Le système jaune utilise les calculs de base du calendrier Kalachakra et, sous cet angle, diffère totalement dans sa structure du calendrier classique chinois actuel. Néanmoins, la façon dont il double certains mois est très semblable, bien que pas toujours équivalente, à celle utilisée dans le système chinois. Contrairement à d’autres systèmes indiens et tibétains, lesquels comportent tous des jours doublés et retranchés du mois lunaire, le calendrier issu du mode élargi de calcul chinois, tel le calendrier chinois, n’a pas cette caractéristique. Les mois ont 29 ou 30 jours, numérotés consécutivement et déterminés selon plusieurs traditions de calcul. Bien qu’elles coïncident souvent, les dates pour le début de chaque mois ne correspondent pas toujours avec celles du calendrier classique chinois ou avec celles des systèmes Pugpa ou Tsurpu.

Il existe un certain nombre de différences entre les lignées Pugpa de Mongolie Intérieure et celles du Tibet Central, par exemple dans la manière de doubler les mois. Le calendrier de Mongolie Intérieure est établi selon le système jaune, tandis que les données de ce système sont simplement inclues dans le calcul des almanachs Pugpa du Tibet Central. L’emploi principal des calculs jaunes est utilisé pour faire la prévision « Bœuf de Terre » des conditions météorologiques et des conditions générales pour l’année.
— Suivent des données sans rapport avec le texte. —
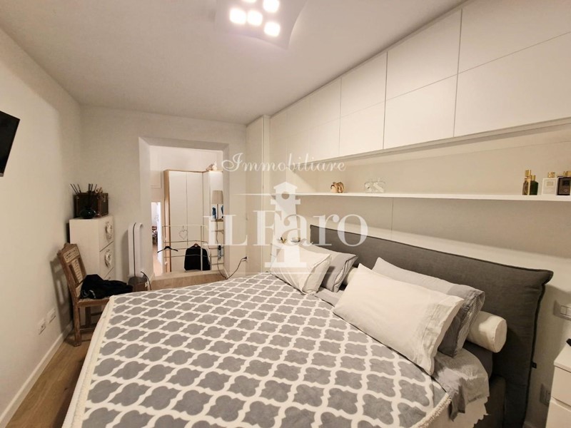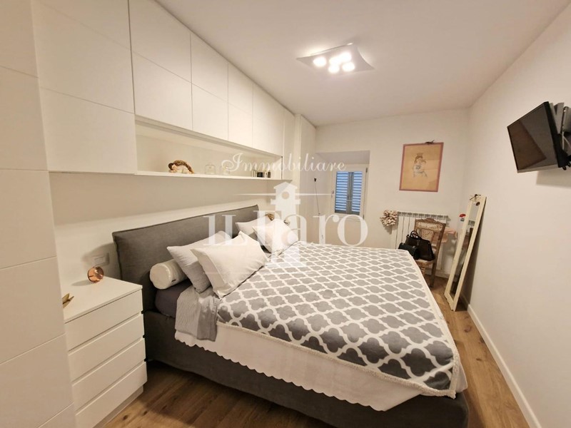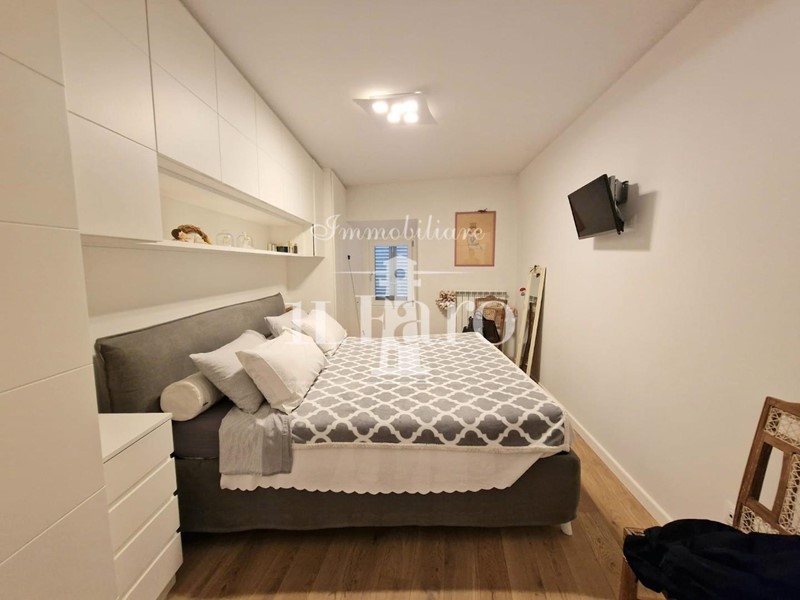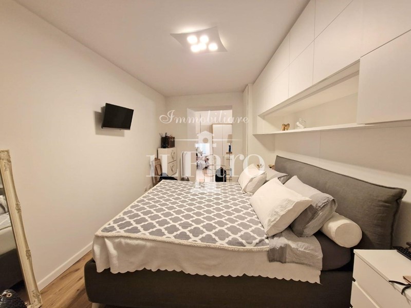 L'abitazione è così composta: Entrando ci accoglie una grande zona giorno doppia con porte finestre e balconi panoramici, proseguendo troviamo il cucinotto attrezzatissimo; la zona notte è invece composta da due camere da letto entrambe matrimoniali ( una attualmente utilizzata come prolungamento della zona giorno ) doppi servizi e un piccolo studio.
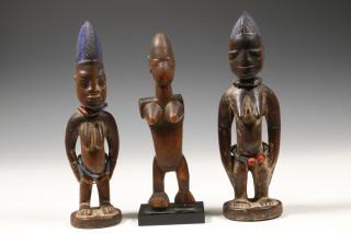 Nigeria, Yoruba, two female ibeji and Fon, one female ibeji, twin figures.
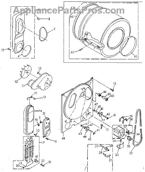 Idler pulley maintains belt tension in your dryer drum assembly. Replace if the wheel is cracked, bracket is broken, or pulley has worn bearings.
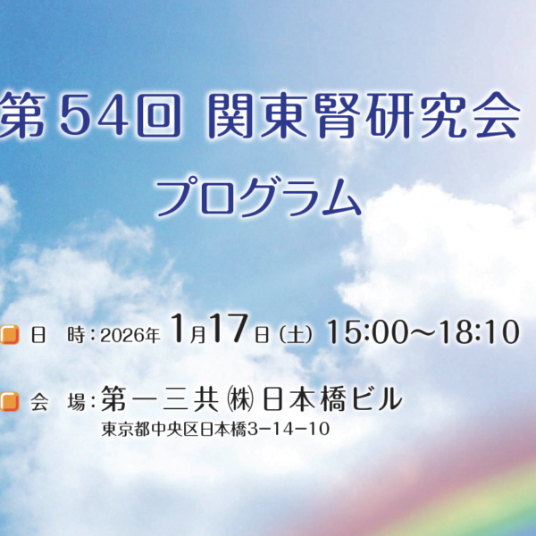 第54回関東腎研究会は令和8年1月17日(土)15時から日本橋にて開催

Les Mongols khalkhas de Mongolie de même que les Bouriates et les Touvains suivent une variante de la tradition Pugpa connue sous le nom de néo-Geden ou Nouvelle Lignée positive (dGe-ldan gsar-lugs). Elle fut initiée en 1786 par Sumpa Kenpo Yeshe Paljor (Sum-pa mKhan-po Yes-shes dpal-‘byor), un maître mongol mongour en médecine et en astrologie, originaire de l’Amdo. Ce système s’appuie sur les commentaires du Kalachakra du XVe siècle de Kedrub Je (mkhas-grub rJe dGe-legs dpal-bzang). La majorité des calculs suivent les mêmes règles que celles du système Pugpa, et les cycles de 60 ans sont comptés de la même façon. Cependant, malgré le fait que le cycle « remarquable » de 60 ans commence par une année Lièvre de Feu femelle, le point de départ retenu pour les calculs d’une période de 60 ans est celui de l’année Cheval de Feu mâle, soit la quarantième année du cycle. Ceci parce que le Bouddha Shakyamouni est né une telle année. À cause de cette différence, le calendrier mongol s’avère être unique en son genre.
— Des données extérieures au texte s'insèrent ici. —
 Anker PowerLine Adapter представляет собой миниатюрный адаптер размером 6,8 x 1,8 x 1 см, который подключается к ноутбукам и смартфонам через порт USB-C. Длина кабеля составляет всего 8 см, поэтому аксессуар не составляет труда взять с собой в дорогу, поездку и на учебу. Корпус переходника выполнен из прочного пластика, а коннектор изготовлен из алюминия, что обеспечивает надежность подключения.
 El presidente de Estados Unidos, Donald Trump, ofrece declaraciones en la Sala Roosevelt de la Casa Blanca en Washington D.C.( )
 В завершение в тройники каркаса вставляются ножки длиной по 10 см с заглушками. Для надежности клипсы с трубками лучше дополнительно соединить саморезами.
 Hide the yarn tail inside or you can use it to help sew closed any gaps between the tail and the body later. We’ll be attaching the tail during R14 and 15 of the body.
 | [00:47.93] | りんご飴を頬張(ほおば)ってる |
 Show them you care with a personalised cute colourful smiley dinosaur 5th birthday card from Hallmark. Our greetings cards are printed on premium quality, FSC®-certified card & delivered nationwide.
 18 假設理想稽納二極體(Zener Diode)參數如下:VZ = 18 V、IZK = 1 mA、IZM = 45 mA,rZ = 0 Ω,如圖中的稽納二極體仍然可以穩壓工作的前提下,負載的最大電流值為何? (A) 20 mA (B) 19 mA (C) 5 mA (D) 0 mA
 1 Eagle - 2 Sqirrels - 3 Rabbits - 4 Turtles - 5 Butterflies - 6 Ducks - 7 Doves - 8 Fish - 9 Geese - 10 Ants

Le système Bön d’astrologie est appelé « purs calculs des trois analyses » (dpyad-gsum dag-rtsis). Bien que les Bönpos considère leur système comme le plus ancien, bien antérieur à tous les systèmes bouddhiques, sa codification sous forme textuelle fut effectuée par les soins de Kyongtrul Jigme Namkey Dorje (sKyong-sprul ‘Jig-med nam-mkha’i rdo-rje) (c. 1880-1953). Ce système comporte des calculs purs extérieurs, intérieurs, secrets et très secrets. Les calculs extérieurs et intérieurs correspondent à la tradition Pugpa, avec seulement quelques variations mineures et une approche légèrement différente pour certains calculs. Les calculs secrets et très secrets disposent de calculs plus précis que les extérieurs et les intérieurs. Pour le reste, le calendrier Bön est exactement le même que le calendrier Pugpa.

Les différences entre ces systèmes tibétains apparaissent le plus clairement dans la façon dont le calendrier lunaire se raccorde au calendrier solaire. Pour en prendre la mesure, on doit débattre du calendrier tibétain lui-même, lequel découle principalement du Tantra de Kalachakra.